I decided not to go after Cassie when she left because I figured it wouldn't help the situation if she was all worked up and plus I didn't know what I would have said to her. She clearly was feeling emotional and I couldn't blame her, I was also, especially after I found out the truth about my parents and Derek.

As much as I was relieved that I wasn't the one that killed Cassie's parents, I was angry with my brother from keeping the truth from me. All this time I always thought that my parents never loved me, but it was just Derek keeping the truth from me. I also couldn't believe my brother was bipolar, I mean now that I think of it, it makes sense. Derek would always be happy for a while and then he would be angry for no apparent and have an urge to do something wild, like kidnapping two teenagers.

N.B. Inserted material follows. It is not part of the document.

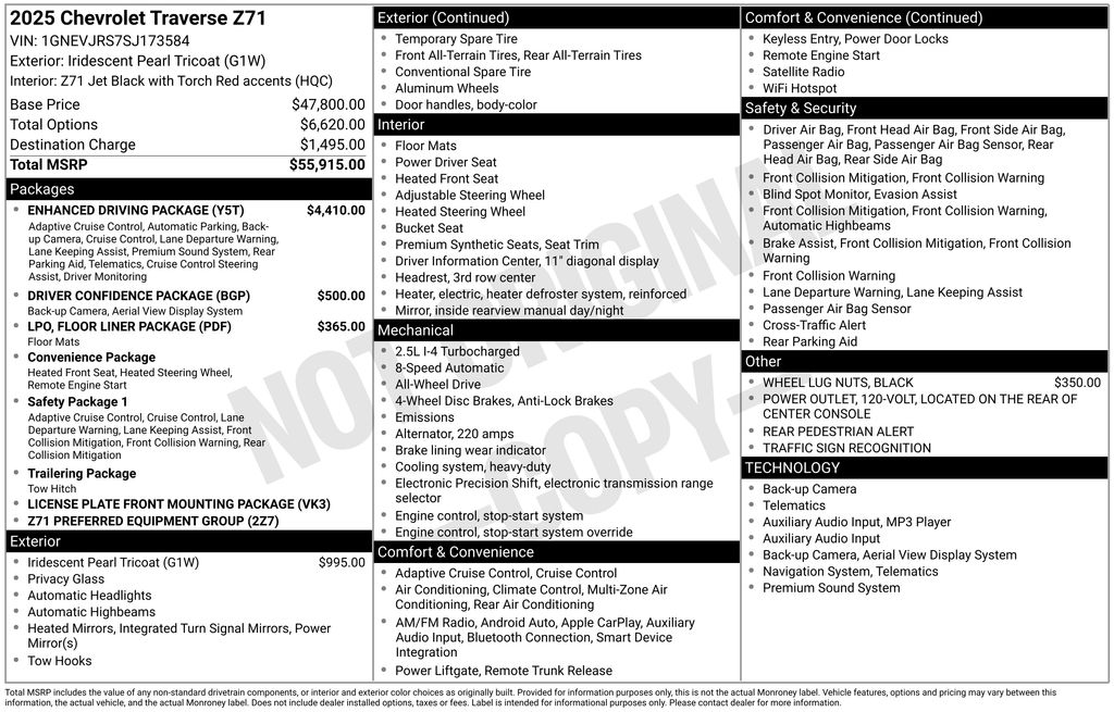 Prepare to shine with our **One Owner**Accident Free**2025**Chevrolet**Traverse**Z71**AWD**Navigation**Heated Seats** that is ready to take a different road forward in Iridescent Pearl Tricoat! Powered by a TurboCharged 2.5 Liter 4 Cylinder offering 328hp to an 8 Speed Automatic transmission. You can push ahead off the pavement with an off-road suspension, twin-clutch AWD system, and terrain mode selector, and this All Wheel Drive SUV returns nearly 24mpg on the highway. A sporty gloss-black grille sets the tone for aggressive Traverse style with matching accents, LED lighting, bold alloy wheels, roof rails, red tow hooks, a trailer hitch, and a hands-free liftgate.

After Cassie had left me with my parents, I really got to reconnect with my parents and I really enjoyed it. I just wished I could remember things about them, I hated not remembering anything about them or us. I didn't even know my own parent's birthday. Since both my parents were doctors I had asked them as to why I could barely remember my past and I even told them that some memories have resurfaced, but was still hazy. They told me I had something called Dissociate Amnesia, which pretty much was temporary memory loss caused from a traumatic event, which in my case was Cassie's house going up in flames, so my little kid brain did it's best to forget everything. My parents told me that my memory will eventually come back, if not sooner, later. I was excited when my parents told me the reasons to my flashbacks because I finally had the answers to why I was having them and it was temporary which meant I would eventually remember everything from my childhood. I couldn't wait for that day.

*~*~*~*~*~*

"Drew?" I woke up to an angelic voice that was my beautiful girlfriend. I wondered how she was feeling.

"Morning beautiful." I yawned sitting up from the couch. And yes, I slept on the couch.

Cassie held out her bottom lip further from her top, "I'm sorry." She pouted as she came towards me, I grinned and swung an arm around her.

I kissed the side of her head, "don't even worry about it." I told her and hugged her tighter, she smiled in return and buried her face in my chest. "Cassie you know it's not your fault right?" She looked up at me with a daze, "it's not your fault Chris is dead." I clarified.

"Yes it is." She countered.

"If anything, it's my fault." I opposed. Chris came between me and a bullet.

Cassie shook her head, "if I didn't want to vacation so bad then Chris would've stayed here and he'd still be alive." She explained again as to why she thought it was her fault.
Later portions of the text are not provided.